Figure 9 On-site signage warning that biosecurity measures are in place (Source: Free Images website https://www.freeimages.com/ photo/ b...

4.1 Biosecurity and hygiene

Biosecurity is one of the best strategies to prevent diseases on farms. At its heart, biosecurity aims to stop the introduction and spread of diseases in animals. Biosecurity is also an essential tool for AMS programmes; animals are less likely to become sick from infectious diseases and less likely to need antimicrobials. Biosecurity has the added benefit of improving animal welfare and productivity.

Biosecurity practices can be broken down into two types of actions.

1. They prevent diseases being introduced from outside of the farm.
2. They reduce infection spread within the farm by adopting cleaning and disinfection processes.

Table 3 lists the three elements of biosecurity on farms.

Hygiene, or sanitation, refers to the cleaning and disinfection of people, equipment, animals and material either entering a farm or kept on the farm. Feeding, handling, administering medical treatments, vehicles and outside visitors are all possible contact points for transmitting diseases and pests. The biggest risk of introducing diseases occurs at the entry and exit points of the farm or buildings where the animals are housed.

To establish biosecurity on-farm, you need to have three zones:

1. Dirty zone – this is where cleaning and disinfection occur before entry to the farm. Usually, this occurs at the farm gate or close to the perimeter of the farm.
2. Buffer zone or line of separation – a transitional space between the dirty zone and where animals are housed. An additional level of cleaning and disinfection may be required here where all organic matter is removed prior to entering the clean zone.
3. Clean zone (or controlled access zone) – this is where the animals are housed or kept.

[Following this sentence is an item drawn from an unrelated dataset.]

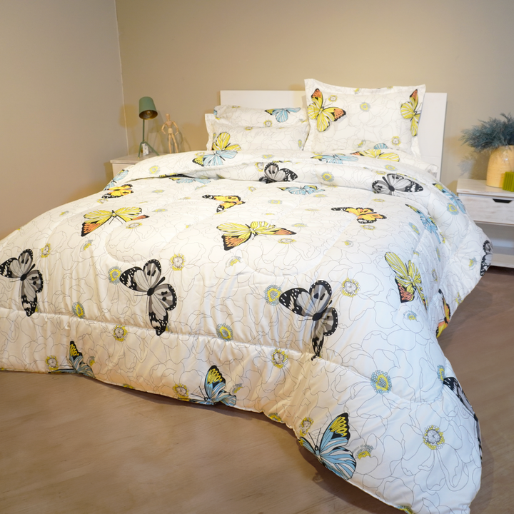 COMBO ACOLCHADO + JUEGO DE SABANAS MARIPOSAS

You can learn more about on-farm biosecurity and sanitation methods on chicken farms by watching this YouTube video (using the subtitles) or visiting the Healthy Farms Healthy Agriculture website.

4.2 Alternatives to antimicrobials

Alternatives to antibiotics can minimise antimicrobial use in animals. This is achieved by helping to prevent and control infectious diseases.

4.3 Diagnostic stewardship in animal health

For a comprehensive review of laboratory methods for AMR look at: module E – Isolating and identifying bacteria; module F – Antimicrobial susceptibility testing; module G – Testing for mechanisms of resistance; and module H – Quality assurance and AMR surveillance.

Diagnostics are an important part of any health system. Without laboratory and pathology services, we would struggle to diagnose diseases, select the best treatment options, predict prognoses and monitor disease progression.

Diagnostic testing is a critical element of AMS. Diagnostic tests help to reduce antimicrobial use by:

• determining if a bacterium or another pathogen causes disease – if bacteria do not cause the disease, then the animal does not need antibiotics
• determining to which antimicrobials the bacteria are resistant or susceptible, allowing prescribers to select the most appropriate antimicrobial to use.

4.3.1 What is diagnostic stewardship?

Diagnostic stewardship is a concept borne out of human medicine. Approaches to diagnostic stewardship are different in animal health, where antimicrobials are used for different purposes and access to laboratory services are limited and expensive.

You can find out about diagnostic stewardship in human health in the module V Diagnostic stewardship in clinical practice. Also, the WHO has published a guidance document on diagnostic stewardship, which you can read on the WHO website at some point in the future.

The WHO defines diagnostic stewardship as:

The difference between AMS and diagnostic stewardship can be seen in Figure 10. While AMS is about using the right drug at the right time at the right dose for the right duration, diagnostic stewardship is about obtaining the right test in the right patient to ensure the use of the right drug at the right time at the right dose for the right duration.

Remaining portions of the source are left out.